List each category on its own page in you Move Notebook, and make a written first attempt at deciding how to handle each. How many options can you think of for each? These notes will help you later—if Plan A falls through, you’ll know you have alternatives and won’t feel so freaky when someone you are depending on let’s you down.
For example, someone could care for your plants and pets while you concentrate on sorting, packing, and cleaning. Friends could take things to Good Will, to the dump, or to be repaired. Friends or relatives could make information-gathering phone calls for you, ensure that you have regular meals, baby-sit, screen phone calls, shop, or pack things you know you’re taking with you.

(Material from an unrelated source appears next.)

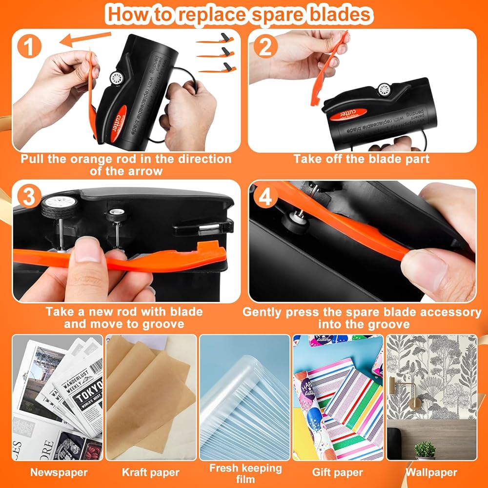 قاطعة شفرات قابلة للاستبدال: قاطعة ورق تغليف حاصلة على براءة اختراع مع 3 قطع من مجموعة الشفرات القابلة للاستبدال، مما يجعل من السهل استبدال الشفرات وتوفير أغطية حماية للشفرة. يمكن لكل مجموعة شفرات القطع أكثر من 2000 مرة، مما يجعل من السهل القطع عشرات الآلاف من المرات.

Whether your time is great or limited, your move long distance or around the corner, your possessions vast or modest, we all need to pay attention to our needs for eating and sleeping during the actual move. Be sure to separate out bedding, dishes, glasses and utensils, and some food and drinks you will need immediately upon arriving at your new home. Boldly label the boxes OPEN FIRST and list the contents of each box. Make sure you and your movers keep these boxes and/or bags easily accessible. Take them in the car with you, or put them on the truck last so they can be taken off first. When you arrive, unpack you basic kitchen boxes and make the beds as soon as possible.
An extremely important thing to remember as you move is that there is an entire industry available to assist you in making your move go smoothly—moving companies, organizing consultants, relocation specialists, etc. You may want to take advantage of the helpful services these providers offer.
And as you plan, remember to make your move a priority—not an afterthought. It will make all the difference. Now you are ready, so relax, be sure to laugh as much as possible, and accept the challenge of making this move the best one ever.